Work to complete
Each record below gets repeated exactly, and pictures stay out of the copy.

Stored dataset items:
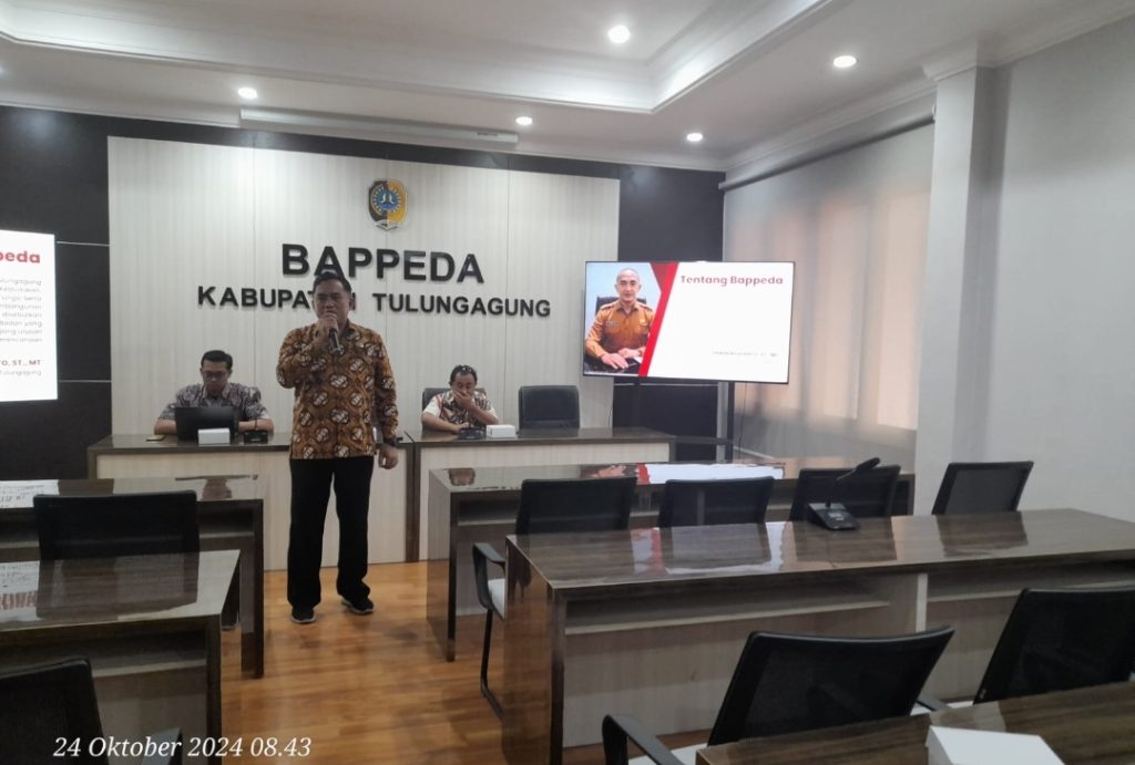 Tulungagung – Badan Perencanaan Pembangunan Daerah (Bappeda) Tulungagung menggelar Forum Konsultasi Publik (FKP) tentang penyelenggaraan pelayanan publik Bappeda kabupaten Tulungagung tahun 2024, Kamis (24/10/2024). Acara bertempat di Ruang Rapat lantai II.
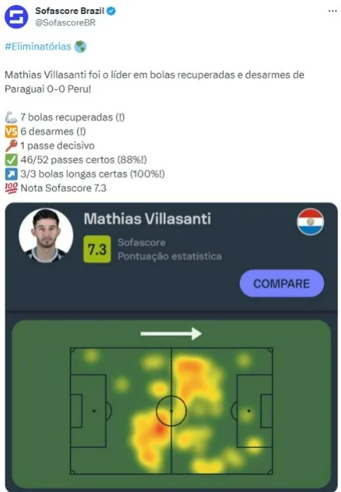O Mathias Villasanti atuou no duelo da seleção paraguaia diante do Peru. Apesar do empate sem gols, o jogador do Grêmio foi importante no confronto e foi o líder em bolas recuperadas e desarmes da Seleção do Paraguai. De acordo com o site Sofascore.
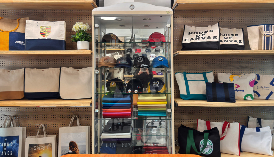 ภายใน Showroom ลูกค้าจะได้พบกับกระเป๋าผ้าหลากหลายดีไซน์ ที่ออกแบบพิเศษตามความต้องการของลูกค้า การได้เห็นตัวอย่างกระเป๋าจริงจะช่วยให้ลูกค้าสามารถเปรียบเทียบรูปแบบ ขนาด วัสดุ และเทคนิคการพิมพ์ลายต่าง ๆ ได้ง่ายขึ้น
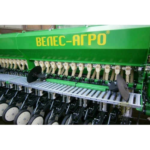 Для формирования идеального семенного ложе применена конструкция смещенного размещения дисков сошника, также предохраняющая его от засорения камнями. При этом первый диск прорезает ровную линию сева, режет пожнивные остатки, а второй разрыхляет почву и подготавливает семенное ложе. Заданная глубина посева семян достигается за счет механизма прижимных пружин, которые кроме регулировки глубины позволяют механизму сошника копировать поверхность засеваемой площади. Расположенное за сошником прикатывающе-регулирующее колесо поддерживает четкое ведение глубины заделки семян, обеспечивает контакт посевного материала с почвой, необходимый для оптимального поступления влаги по капиллярам, равномерного формирования корневой системы и всхожести.
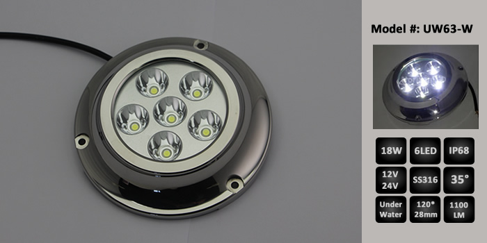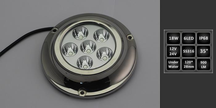 18W surface mount underwater light. To be installed on small or middle size yacht / boat / marine. Beam light in cool white / blue / green. It is very simple to install it to the boat hull. No need to open big hole on the hull. SS316 housing and 5mm toughed glass, and streamline shape, make the light no afraid of corrosion and strike.IP68, installed 20-50cm below waterline. Newly upgraded 18W underwater light, has built-in constant current driver. No need extra driver to work well under 10-30V. Its inner thermal IC will turn off the light temporaily if light get too hot. In this way, the lamp won't be damaged if user forget to turn off the light while it is out of water.
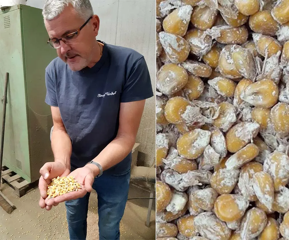 Même si l’inertage est propice à la bonne conservation en réduisant les risques de développement fongique et de propagation d’insectes, la qualité de la matière première est essentielle. Pour Laurent Ferchal, le gros du travail sur la qualité d’une céréale se fait principalement au champ et passe d’abord par la qualité du battage : « Il faut des machines adaptées afin d’éviter la présence de rafles ou de grains cassés. » Au préalable, il fait aussi le tour de toutes les parcelles pour vérifier la maturité. Pour le maïs, il préfère démarrer le remplissage avec des humidités n’excédant pas 35 % pour assurer un bon écoulement.
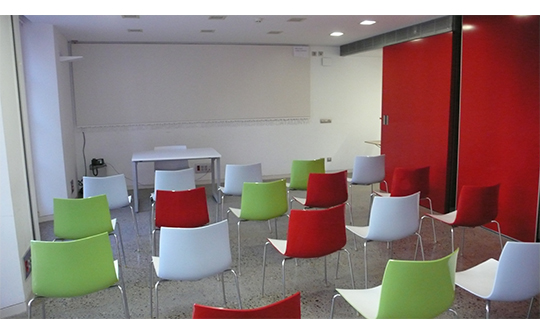 Espai polivalent. Es pot dividir en dos mitjançant uns panells de fusta que permetendisposar de dos espais independents. Ideal per a cursos de formació, seminaris, conferències de petit format, presentacions i reunions empresarials.
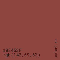 Цвет #8E453F в цветовой модели RGB обозначается тремя октетами (142, 69, 63) в десятичном формате и #8E453F в шестнадцатиричном (hex) формате, которые являются интенсивностью красного 142 (hex 8E), интенсивность зелёного 69 (hex 45) и интенсивность синего 63 (hex 3F).
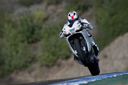 Biker auf einem Motorrad Foto in Geschwindigkeit
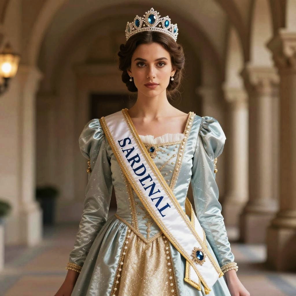 Movie Themed Costume, woman in a regal dress with a crown and a sash
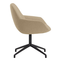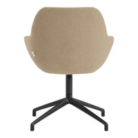 The defining feature of this model is the combination of supportive armrests with the dynamic swivel base in black powder-coated aluminum and steel. This pairing creates a chair that offers both freedom of movement and proper arm positioning—ideal for extended dining scenarios, conference settings, or hospitality environments where comfort drives engagement.
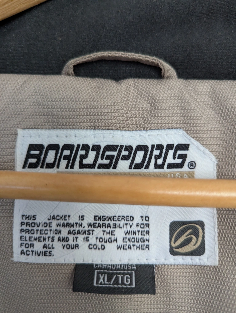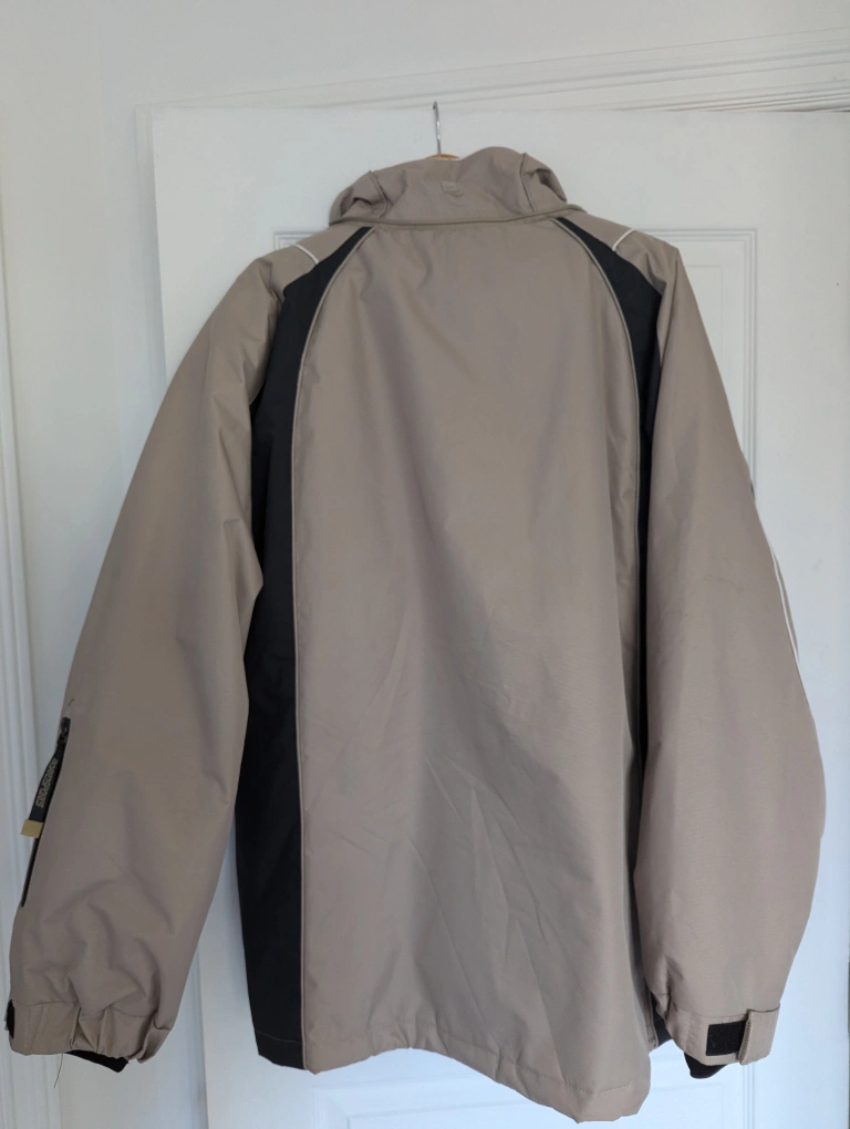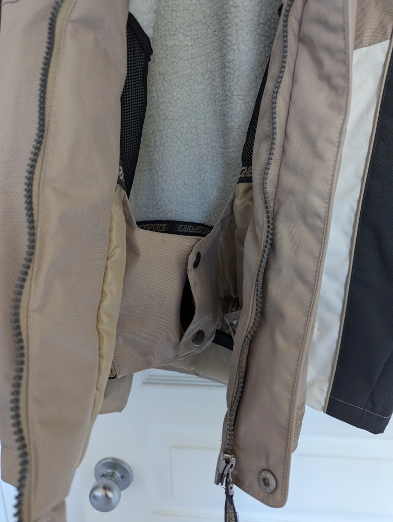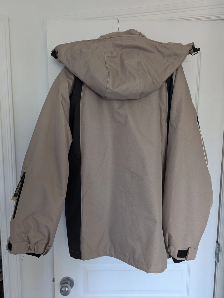 Tan and black ski/snowboarding jacket with a fleece lining. It has multiple pockets, including an inner pocket with mesh fabric. It also has a detachable hood.

Result below
 Tulungagung – Badan Perencanaan Pembangunan Daerah (Bappeda) Tulungagung menggelar Forum Konsultasi Publik (FKP) tentang penyelenggaraan pelayanan publik Bappeda kabupaten Tulungagung tahun 2024, Kamis (24/10/2024). Acara bertempat di Ruang Rapat lantai II.
O Mathias Villasanti atuou no duelo da seleção paraguaia diante do Peru. Apesar do empate sem gols, o jogador do Grêmio foi importante no confronto e foi o líder em bolas recuperadas e desarmes da Seleção do Paraguai. De acordo com o site Sofascore.
 ภายใน Showroom ลูกค้าจะได้พบกับกระเป๋าผ้าหลากหลายดีไซน์ ที่ออกแบบพิเศษตามความต้องการของลูกค้า การได้เห็นตัวอย่างกระเป๋าจริงจะช่วยให้ลูกค้าสามารถเปรียบเทียบรูปแบบ ขนาด วัสดุ และเทคนิคการพิมพ์ลายต่าง ๆ ได้ง่ายขึ้น
 Для формирования идеального семенного ложе применена конструкция смещенного размещения дисков сошника, также предохраняющая его от засорения камнями. При этом первый диск прорезает ровную линию сева, режет пожнивные остатки, а второй разрыхляет почву и подготавливает семенное ложе. Заданная глубина посева семян достигается за счет механизма прижимных пружин, которые кроме регулировки глубины позволяют механизму сошника копировать поверхность засеваемой площади. Расположенное за сошником прикатывающе-регулирующее колесо поддерживает четкое ведение глубины заделки семян, обеспечивает контакт посевного материала с почвой, необходимый для оптимального поступления влаги по капиллярам, равномерного формирования корневой системы и всхожести.
 18W surface mount underwater light. To be installed on small or middle size yacht / boat / marine. Beam light in cool white / blue / green. It is very simple to install it to the boat hull. No need to open big hole on the hull. SS316 housing and 5mm toughed glass, and streamline shape, make the light no afraid of corrosion and strike.IP68, installed 20-50cm below waterline. Newly upgraded 18W underwater light, has built-in constant current driver. No need extra driver to work well under 10-30V. Its inner thermal IC will turn off the light temporaily if light get too hot. In this way, the lamp won't be damaged if user forget to turn off the light while it is out of water.
 Même si l’inertage est propice à la bonne conservation en réduisant les risques de développement fongique et de propagation d’insectes, la qualité de la matière première est essentielle. Pour Laurent Ferchal, le gros du travail sur la qualité d’une céréale se fait principalement au champ et passe d’abord par la qualité du battage : « Il faut des machines adaptées afin d’éviter la présence de rafles ou de grains cassés. » Au préalable, il fait aussi le tour de toutes les parcelles pour vérifier la maturité. Pour le maïs, il préfère démarrer le remplissage avec des humidités n’excédant pas 35 % pour assurer un bon écoulement.
 Espai polivalent. Es pot dividir en dos mitjançant uns panells de fusta que permetendisposar de dos espais independents. Ideal per a cursos de formació, seminaris, conferències de petit format, presentacions i reunions empresarials.
 Цвет #8E453F в цветовой модели RGB обозначается тремя октетами (142, 69, 63) в десятичном формате и #8E453F в шестнадцатиричном (hex) формате, которые являются интенсивностью красного 142 (hex 8E), интенсивность зелёного 69 (hex 45) и интенсивность синего 63 (hex 3F).
 Biker auf einem Motorrad Foto in Geschwindigkeit
 Movie Themed Costume, woman in a regal dress with a crown and a sash
 The defining feature of this model is the combination of supportive armrests with the dynamic swivel base in black powder-coated aluminum and steel. This pairing creates a chair that offers both freedom of movement and proper arm positioning—ideal for extended dining scenarios, conference settings, or hospitality environments where comfort drives engagement.
 Tan and black ski/snowboarding jacket with a fleece lining. It has multiple pockets, including an inner pocket with mesh fabric. It also has a detachable hood.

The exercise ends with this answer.